Bi-Lipschitz parts of quasisymmetric mappings

A natural quantity that measures how well a map $f:\mathbb{R}^{d}\rightarrow \mathbb{R}^{D}$ is approximated by an affine transformation is \[\omega_{f}(x,r)=\inf_{A}\left(\frac{1}{|B(x,r)|}\int_{B(x,r)}\left(\frac{|f-A|}{|A'|r}\right)^{2}\right)^{\frac{1}{2}},\] where the infimum ranges over all non constant affine transformations. This is natural insofar as it is invariant under rescaling $f$ in either its domain or image.

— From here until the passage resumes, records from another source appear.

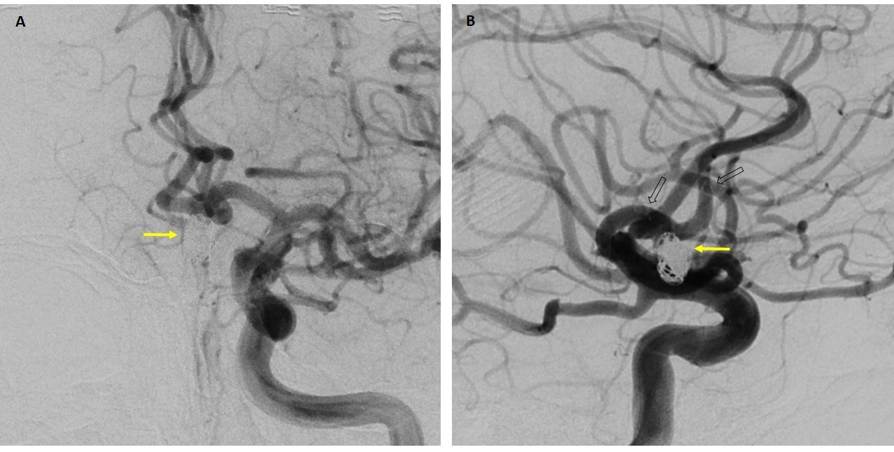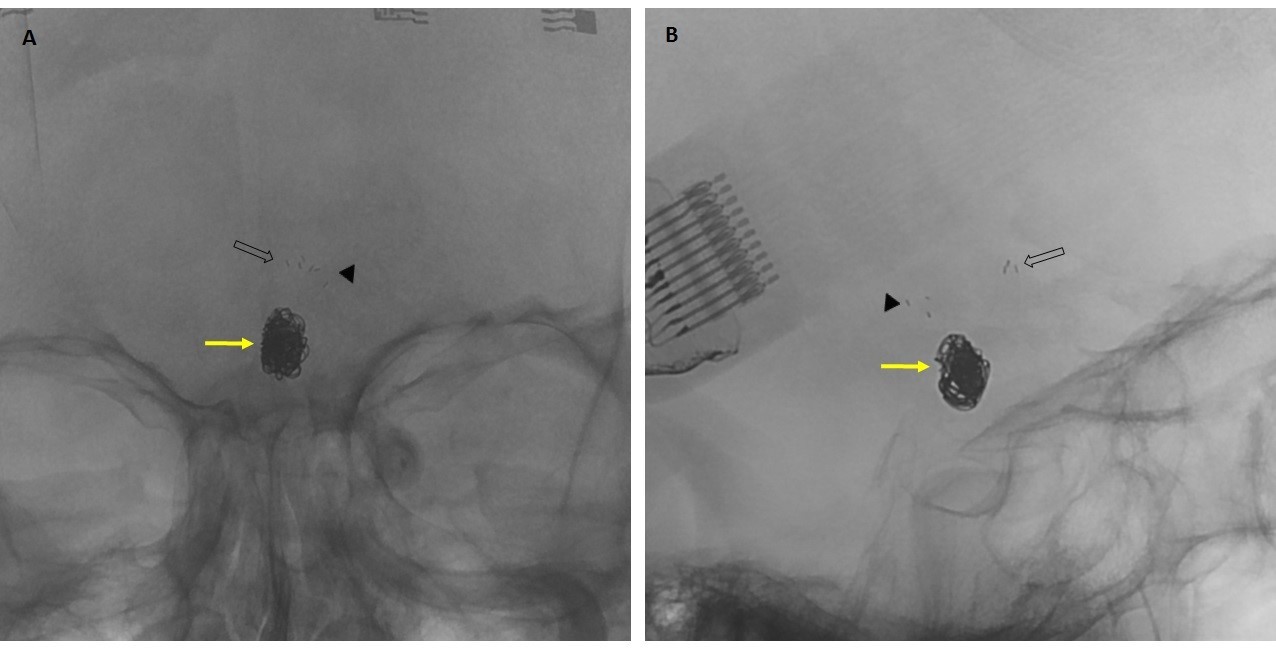 Imagen 5: Capturas de fluoroscopia en nativo sin contraste intravenoso en proyecciones AP (imagen A) y lateral de cráneo (imagen B) que muestran resultado final de saco aneurismático relleno de coils (flecha amarilla) y posición respectiva del stent (flecha hueca indica patillas distales y cabeza de flecha las proximales).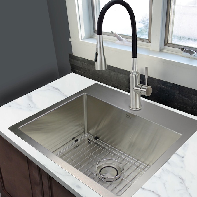 - INCLUDES: Stainless steel dual-mount sink with single hole, flex neck faucet, roll mat, flip-top strainer, installation hardware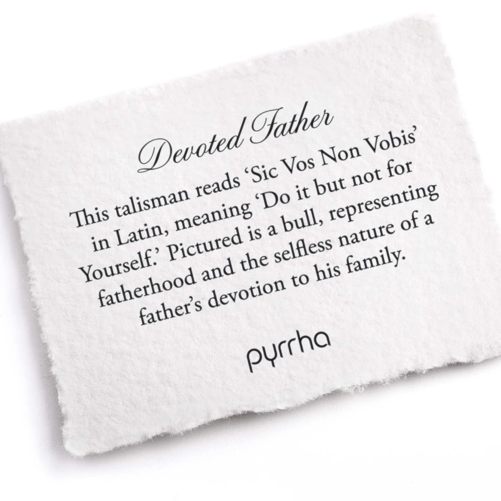This talisman reads 'Sic Vos Non Vobis' in Latin, meaning 'Do it but not for Yourself.' Pictured is a bull, representing fatherhood and the selfless nature of a father's devotion to his family.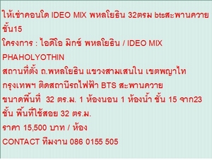 ให้เช่าคอนโด IDEO MIX พหลโยธิน 32ตรม btsสะพานควาย ชั้น15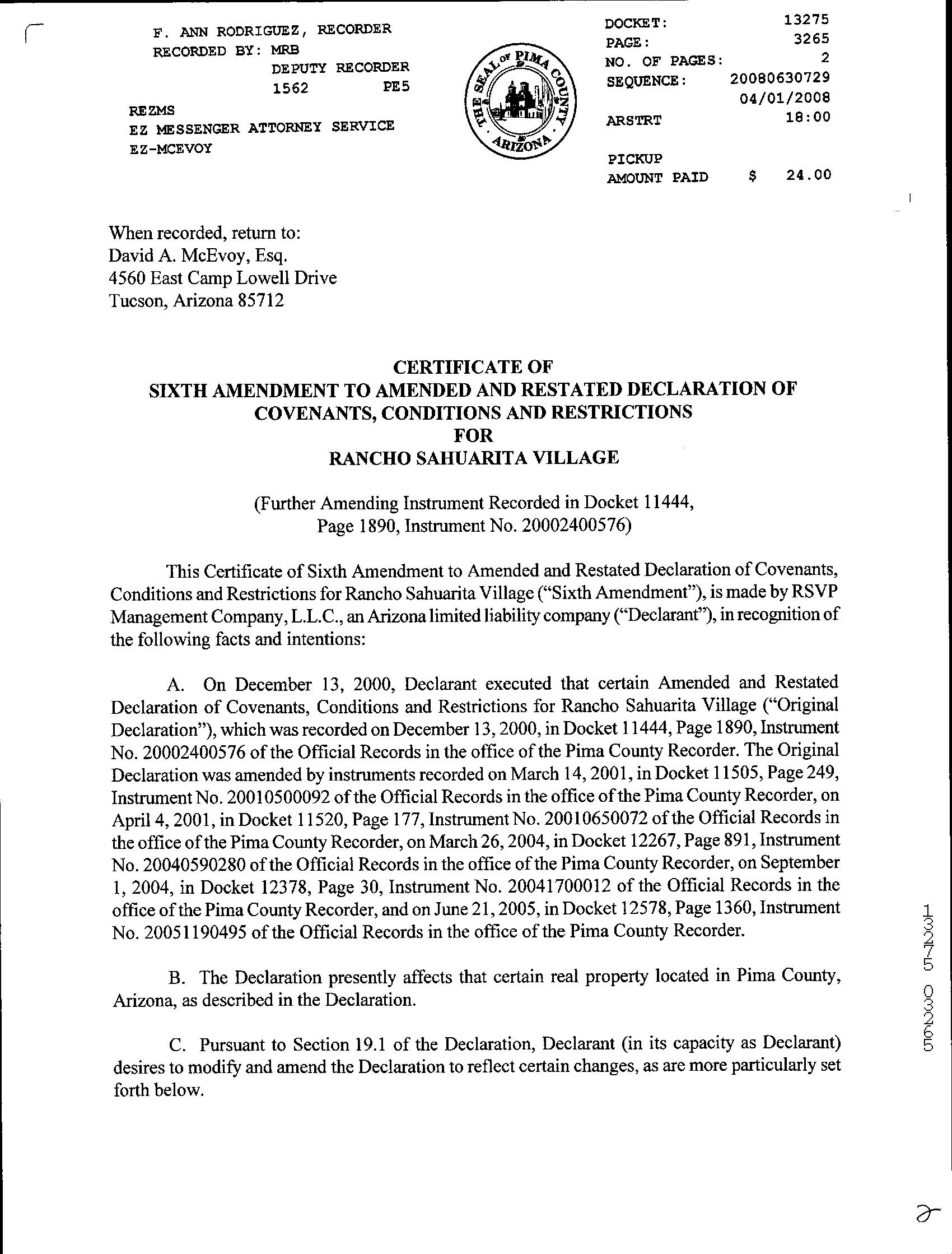 SITUS: 894 W CALLE EL TECLADO SAH
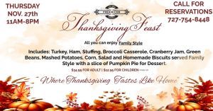 Gather your family and friends and celebrate Thanksgiving Prohibition-style! Enjoy an all-you-can-enjoy Family Style Feast featuring: Turkey, Ham, Stuffing, Broccoli Casserole, Cranberry ...

We show that if $f:\mathbb{R}^{d}\rightarrow \mathbb{R}^{D}$ is quasisymmetric and its image has a sufficient amount of rectifiable structure (although not necessarily $\mathcal{H}^{d}$-finite), then $\omega_{f}(x,r)^{2}\frac{dxdr}{r}$ is a Carleson measure on $\mathbb{R}^{d}\times(0,\infty)$. Moreover, this is an equivalence: the existence of such a Carleson measure implies that, in every ball $B(x,r)\subseteq \mathbb{R}^{d}$, there is a set $E$ occupying 90$%$ of $B(x,r)$, say, upon which $f$ is bi-Lipschitz (and hence guaranteeing rectifiable pieces in the image). En route, we make a minor adjustment to a theorem of Semmes to show that quasisymmetric maps of subsets of $\mathbb{R}^{d}$ into $\mathbb{R}^{d}$ are bi-Lipschitz on a large subset quantitatively.